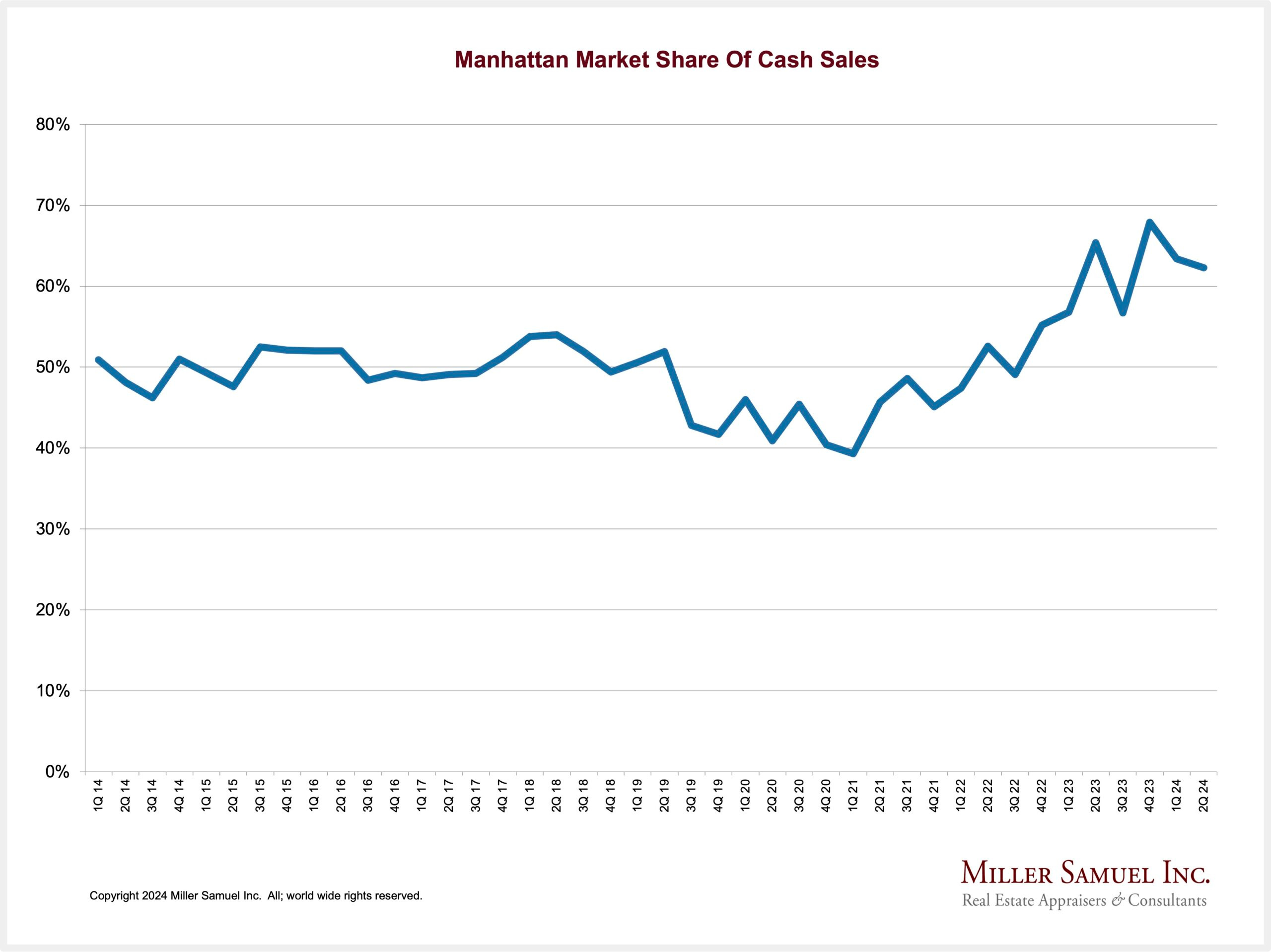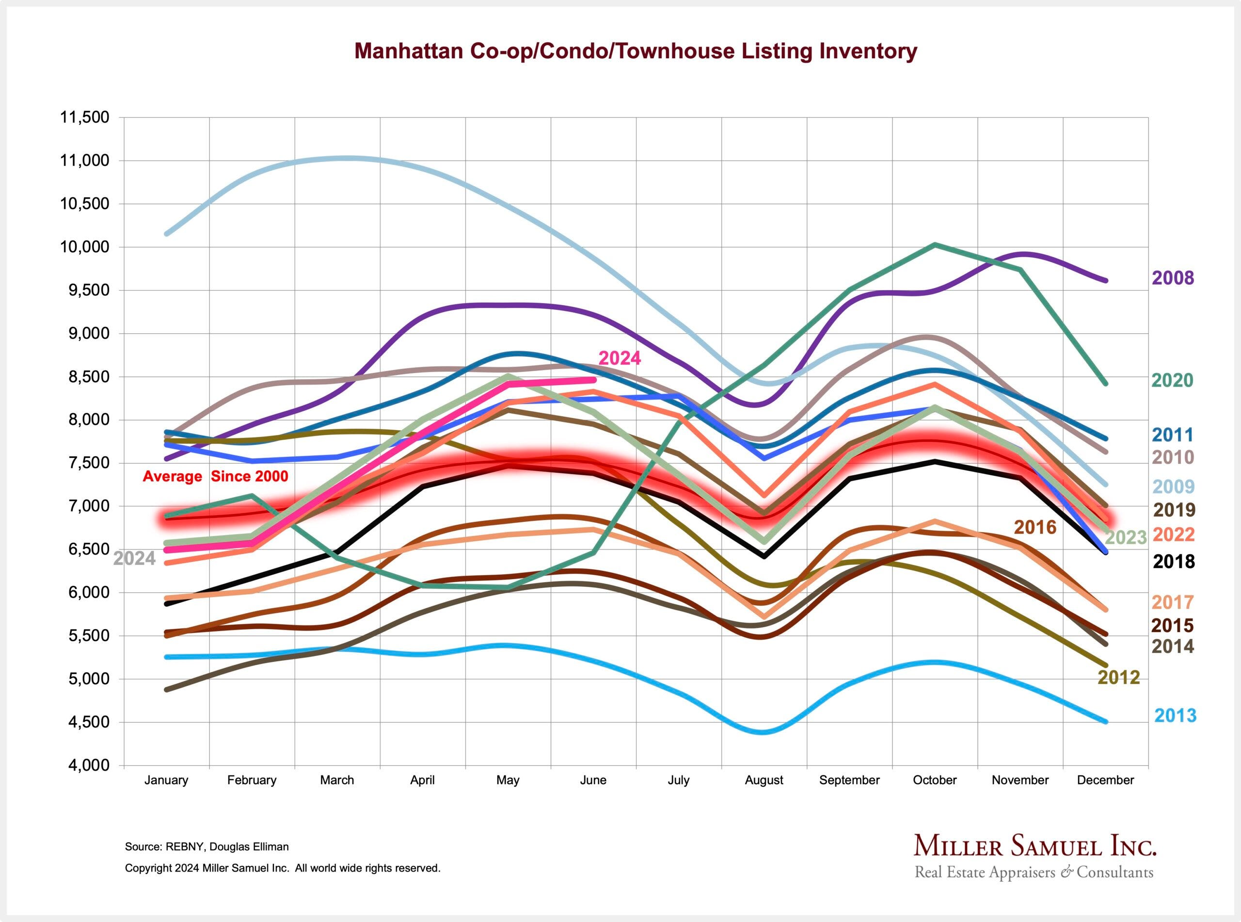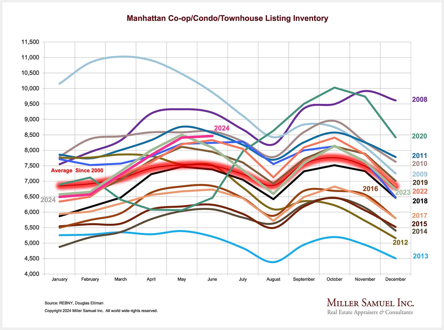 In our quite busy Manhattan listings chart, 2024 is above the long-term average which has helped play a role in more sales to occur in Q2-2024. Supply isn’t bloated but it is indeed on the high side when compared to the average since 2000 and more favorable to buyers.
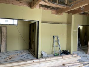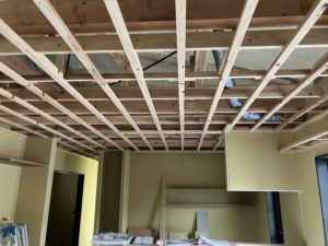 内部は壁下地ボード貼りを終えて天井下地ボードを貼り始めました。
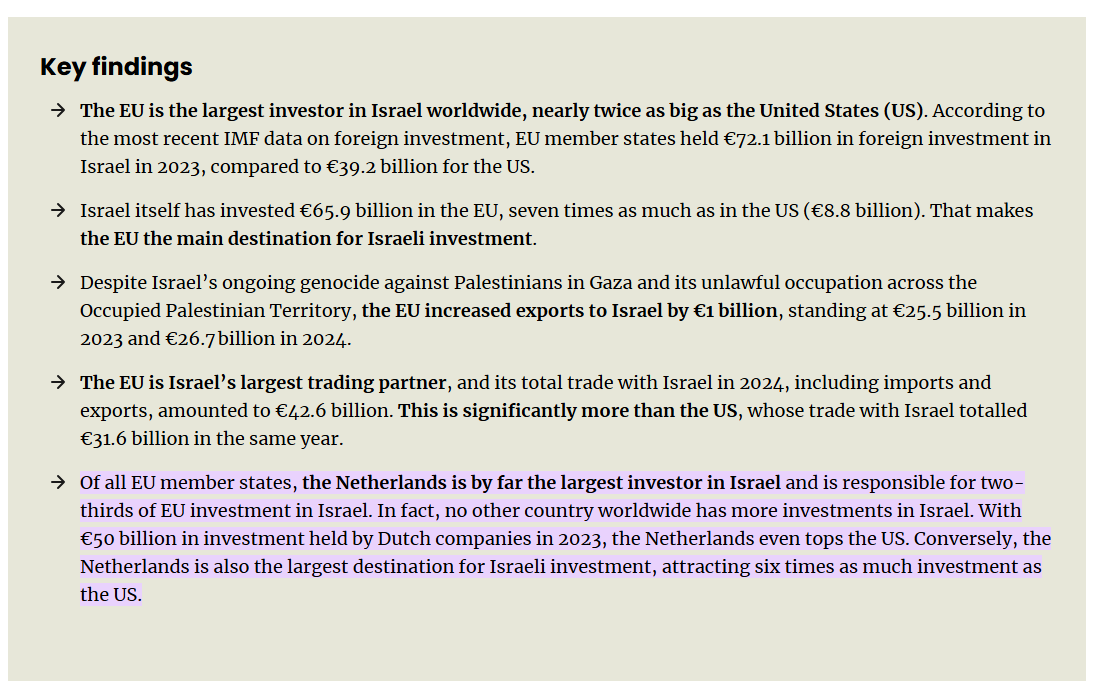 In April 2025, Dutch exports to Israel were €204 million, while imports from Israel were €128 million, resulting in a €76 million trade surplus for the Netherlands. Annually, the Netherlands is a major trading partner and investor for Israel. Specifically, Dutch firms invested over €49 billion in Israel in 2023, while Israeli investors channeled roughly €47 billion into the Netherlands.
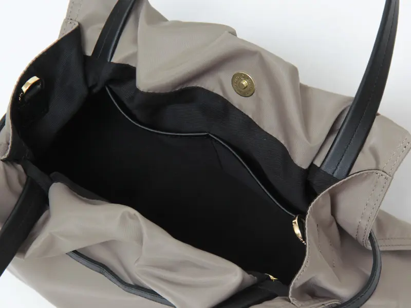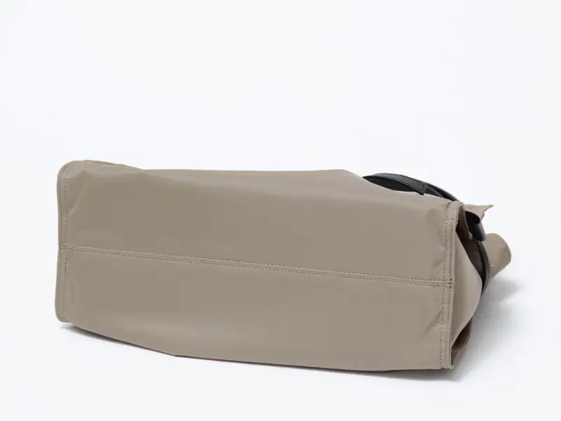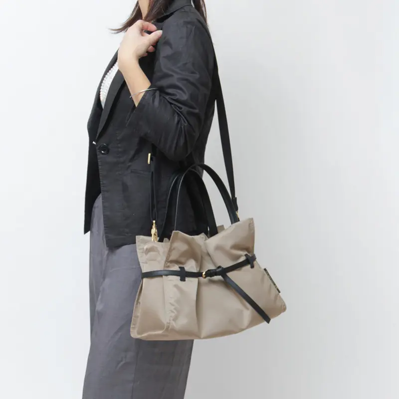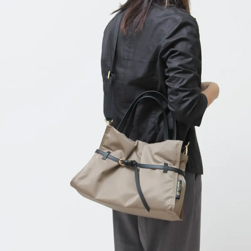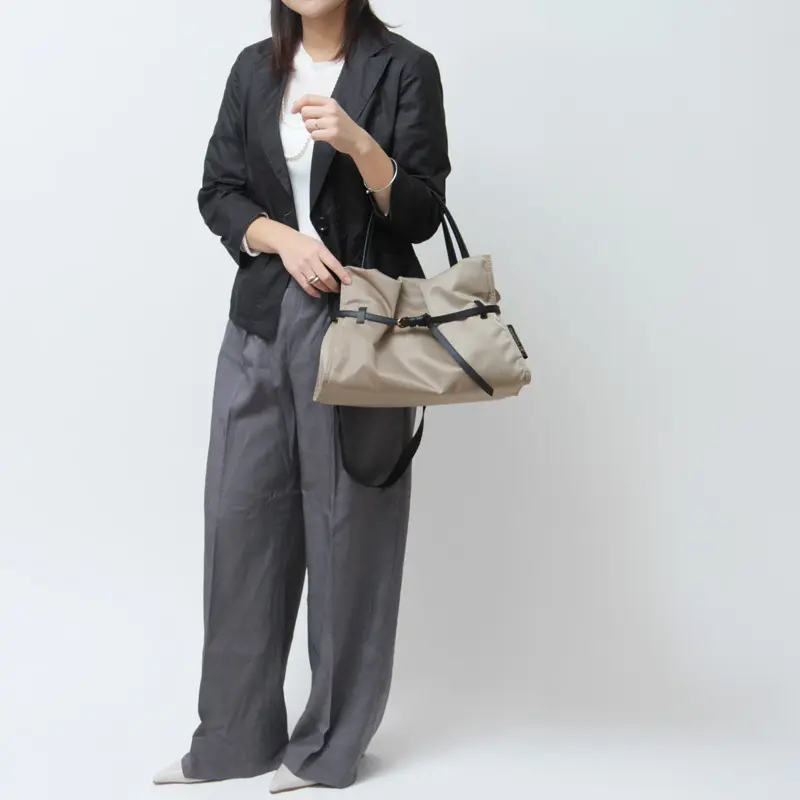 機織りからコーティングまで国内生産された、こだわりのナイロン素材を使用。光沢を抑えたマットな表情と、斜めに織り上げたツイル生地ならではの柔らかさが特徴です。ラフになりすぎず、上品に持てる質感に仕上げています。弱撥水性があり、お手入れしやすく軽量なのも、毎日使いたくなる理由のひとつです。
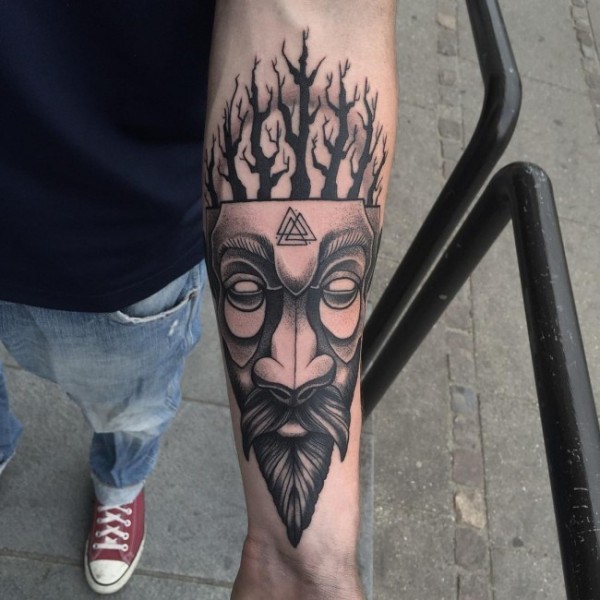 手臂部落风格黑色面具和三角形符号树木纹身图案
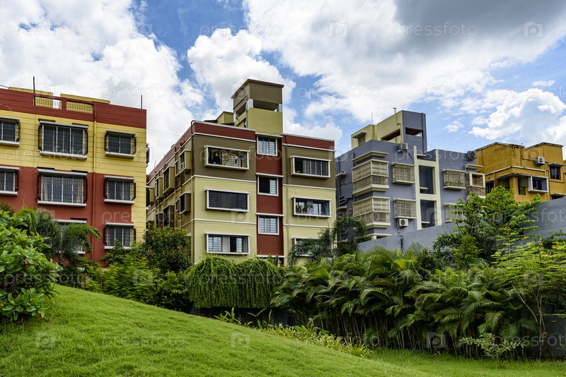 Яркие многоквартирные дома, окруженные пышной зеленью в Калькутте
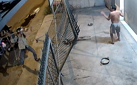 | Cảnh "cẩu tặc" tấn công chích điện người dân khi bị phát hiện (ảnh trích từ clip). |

Work order.
Copy out each line of the data exactly as it reads; skip the pictures.

Completed exercise.
 In our quite busy Manhattan listings chart, 2024 is above the long-term average which has helped play a role in more sales to occur in Q2-2024. Supply isn’t bloated but it is indeed on the high side when compared to the average since 2000 and more favorable to buyers.
 内部は壁下地ボード貼りを終えて天井下地ボードを貼り始めました。
 In April 2025, Dutch exports to Israel were €204 million, while imports from Israel were €128 million, resulting in a €76 million trade surplus for the Netherlands. Annually, the Netherlands is a major trading partner and investor for Israel. Specifically, Dutch firms invested over €49 billion in Israel in 2023, while Israeli investors channeled roughly €47 billion into the Netherlands.
 機織りからコーティングまで国内生産された、こだわりのナイロン素材を使用。光沢を抑えたマットな表情と、斜めに織り上げたツイル生地ならではの柔らかさが特徴です。ラフになりすぎず、上品に持てる質感に仕上げています。弱撥水性があり、お手入れしやすく軽量なのも、毎日使いたくなる理由のひとつです。
 手臂部落风格黑色面具和三角形符号树木纹身图案
 Яркие многоквартирные дома, окруженные пышной зеленью в Калькутте
 | Cảnh "cẩu tặc" tấn công chích điện người dân khi bị phát hiện (ảnh trích từ clip). |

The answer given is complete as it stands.